**Data block:**

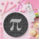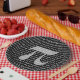Celebrate March 14 parties with this "pi plate," which features an oversized Pi symbol overlaid with many digits of this mathematical constant, rendered in a 60s OCR-style punch card font.
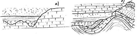 Прилегание. При резких очертаниях древнего рельефа осадочные породы заполняют вначале пониженные участки рельефа. У крутых склонов будет наблюдаться параллельное (а), либо несогласное (б) прилегание.
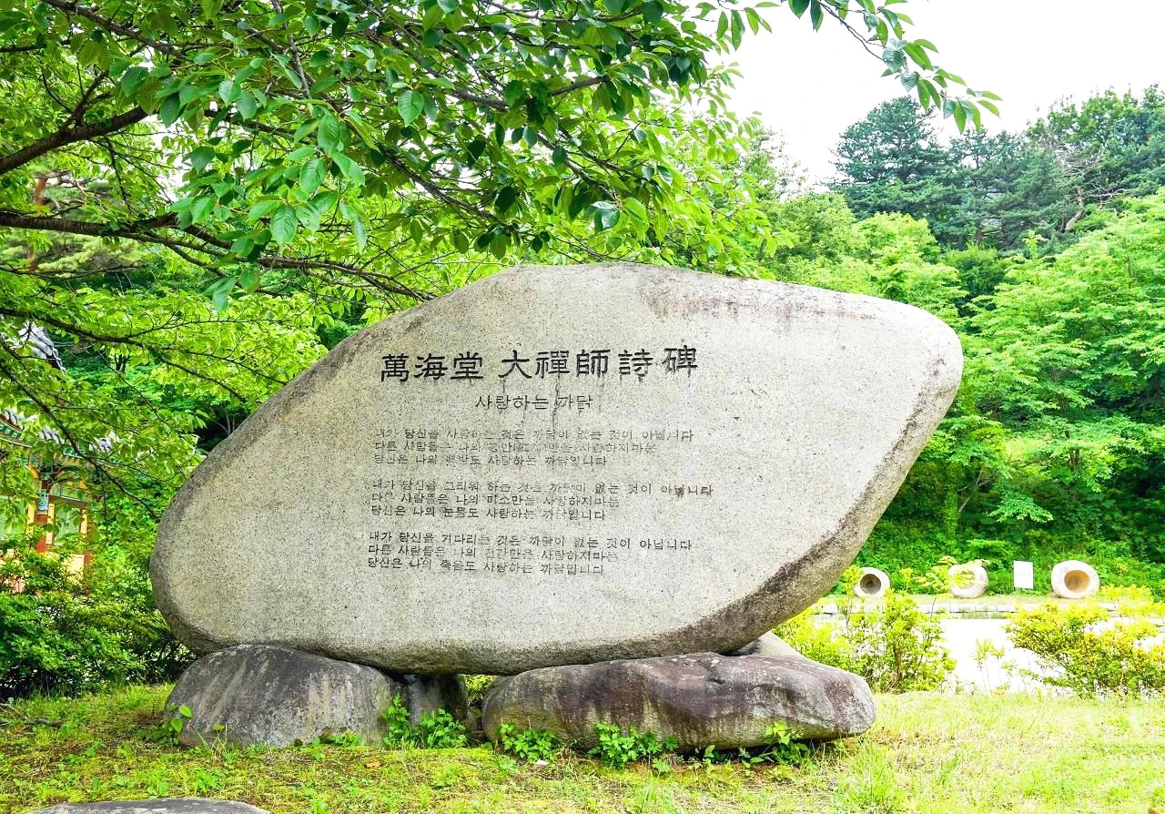 여름이 한창인 강원도 고성의 건봉사 가는 길은 생각보다 한적하다. 오는 길에 라벤더 꽃밭을 보고 왔는데 그 화사해진 마음을 지긋하게 눌러주는 힘이 전해진다. 입구 마당의 사명대사와 한용운 님을 기리는 기념관을 둘러보고 그 옆의 '사랑하는 까닭'이라는 한용운 님의 시비를 들여다본다. "내가 당신을 사랑하는 것은 까닭이 없는 것이 아닙니다......"

**Problem details:** Without including any image, reproduce the full listing above as written.

**Response:**
Celebrate March 14 parties with this "pi plate," which features an oversized Pi symbol overlaid with many digits of this mathematical constant, rendered in a 60s OCR-style punch card font.
 Прилегание. При резких очертаниях древнего рельефа осадочные породы заполняют вначале пониженные участки рельефа. У крутых склонов будет наблюдаться параллельное (а), либо несогласное (б) прилегание.
 여름이 한창인 강원도 고성의 건봉사 가는 길은 생각보다 한적하다. 오는 길에 라벤더 꽃밭을 보고 왔는데 그 화사해진 마음을 지긋하게 눌러주는 힘이 전해진다. 입구 마당의 사명대사와 한용운 님을 기리는 기념관을 둘러보고 그 옆의 '사랑하는 까닭'이라는 한용운 님의 시비를 들여다본다. "내가 당신을 사랑하는 것은 까닭이 없는 것이 아닙니다......"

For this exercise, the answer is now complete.